Кондрат Астапович повеселел, оживился, вскочил было со своего стула, потом опять сел.

— Вот что, — сказал сурово, глядя прямо в глаза Евхиму Бабаю. — Тебя следовало бы наказать… Но… Ладно, на первый раз прощаем. Только чтоб ты, — Кондрат Астапович погрозил пальцем, — держал язык за зубами. Никому ни слова, почему тебя отпустили. Идет?

— Идет, — кивнул Евхим Бабай.

— Так вот, слушай. Ты должен выследить Ивана Дорошку и Василя Кулагу. Выследить и нам сообщить. Куда они ходят, где бывают, где ночуют. Все, что о них услышишь и проведаешь. Только… — опять помахал пальцем перед носом у Евхима Бабая Кондрат Астапович. — Боже тебя упаси кому-нибудь сказать, о чем мы тут с тобой говорили. Или не выполнить того, что тебе приказано. Везде найдем, из-под земли выкопаем. Понял?

Евхим снова кивнул.

— Мы тебя слегка проверили.
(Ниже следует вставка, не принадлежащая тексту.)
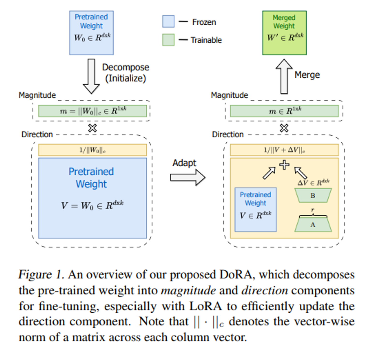 weight 를 magnitude(크기)와 direction(방향)으로 나눈 후 둘 다 파인튜닝한다. 이 때, 방향 행렬의 파인튜닝에는 LoRA 를 사용한다.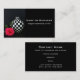 Un design de vie morte avec un arrière - plan noir avec une rose rose rose posée à côté d'un vase à damiers noir et blanc. design professionnel carte de visite qui pourrait convenir aux décorateurs d'intérieur, des designers, l'organisation d'événements etc..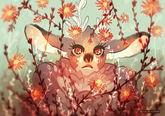 Features a deer sorrounded by red aster blossoms. Printed on Satin 260gms paper.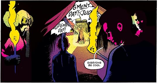 When I blind bought this graphic novel I had high hopes based on praise listed on the back cover. Upon opening it I was delighted at the artwork as well as the setting and thought 'wow this looks like it's gonna be right at my alley' but I was enormously disappointed. There's a lot of really interesting LOOKING characters in this story and they're doing a lot of mysterious type things but by the end of it I really didn't care about any of them as they were slaughtered or dispensed into different factions of this whole new post apocalyptic 'Warriors' meets 'The Running Man' like society.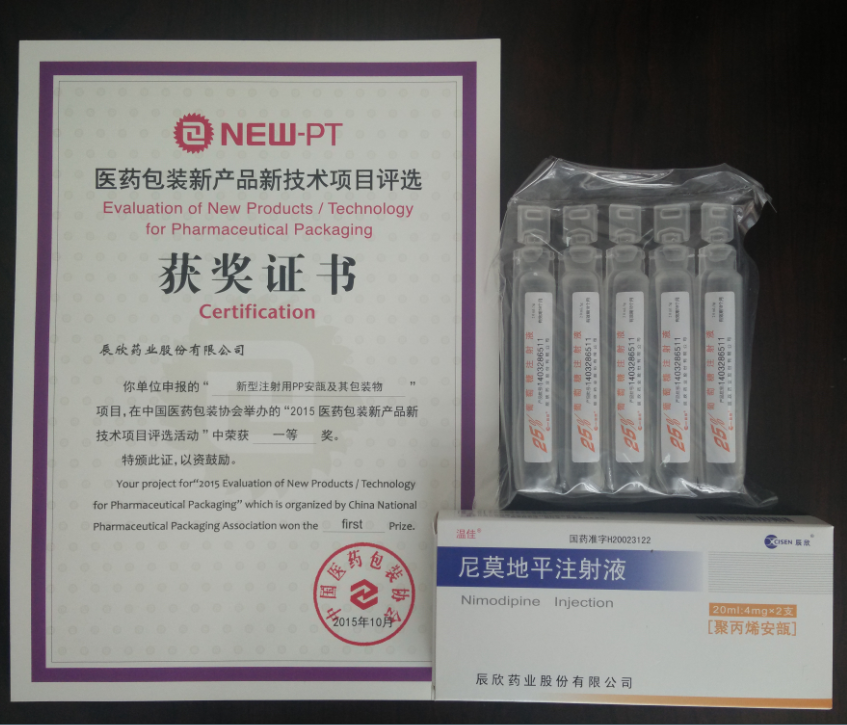 在日前举办的“2015医药包装新产品新技术获奖项目发布会”上,中国医药包装协会副会长纪炜隆重宣布,辰欣药业开发的“新型注射用PP安瓿系列产品”荣获2015医药包装新产品新技术一等奖,并对我公司已生产上市的新型PP安瓿产品“PP安瓿尼莫地平注射液”、“PP安瓿葡萄糖注射液”进行详细地介绍和隆重地推荐。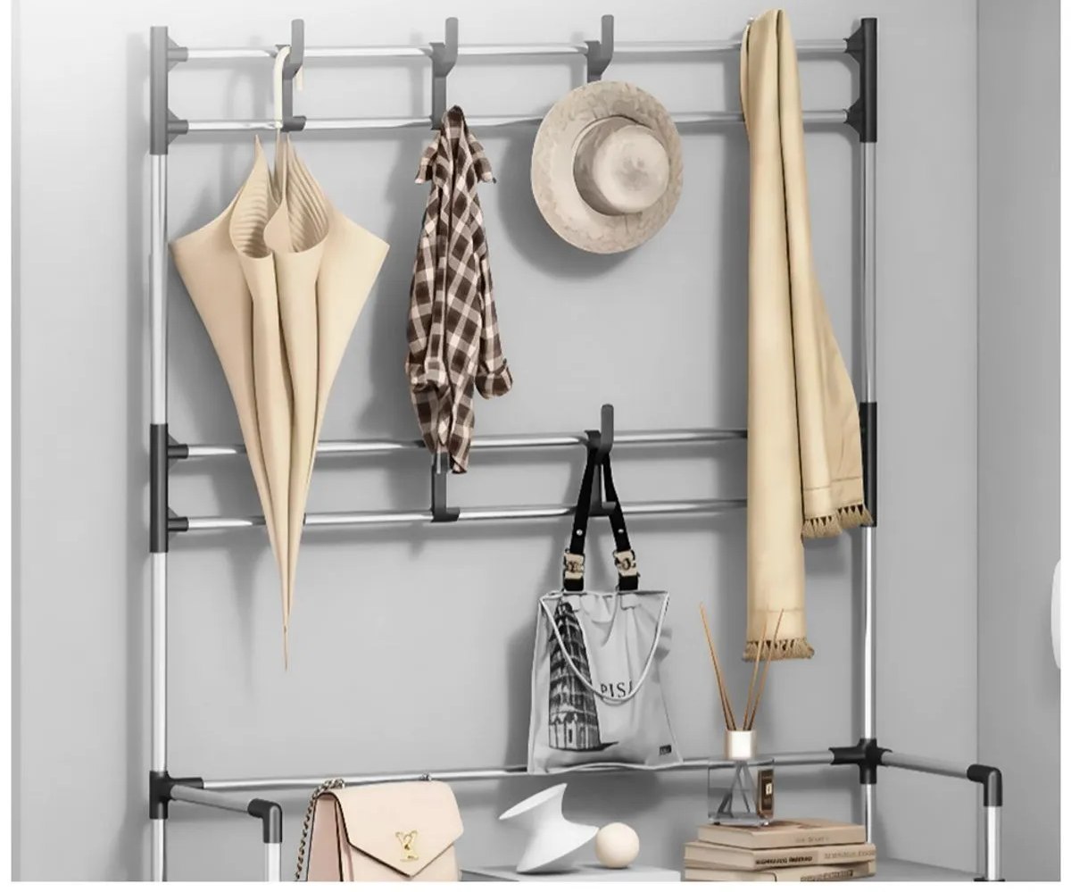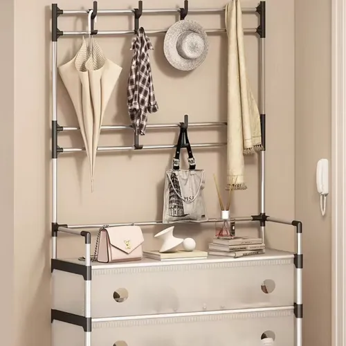 A multifunkciós előszobai fogas a funkcionalitást és a modern megjelenést ötvözi, segítve a rendezett és hatékony tárolást.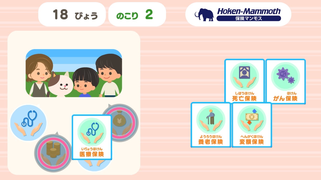 「ちょっと難しいな」と思われがちなお金のこと・保険のことを、アプリを通して親子で楽しくゲーム感覚で学習できるサービスをご提供します。ぜひ親子で会話をしながら、3種類のゲームをお楽しみいただき、お子様の金融教育にお役立てください。

Человек ты вроде надежный.

— Как проверили?

— В камере. У нас там свои люди. И повсюду свои люди, чтоб ты знал. И как ты себя будешь вести в Великом Лесе, нам тоже будет известно. Не думай, что мы лыком шиты, что нас вокруг пальца можно обвести! — И, встав из-за стола, подошел ближе к Евхиму Бабаю, сказал тихо, доверительно, чуть ли не в самое ухо: — Повесить тебя хотели. Да я… уговорил, выпросил. Только гляди, не надуй меня, под монастырь не подведи…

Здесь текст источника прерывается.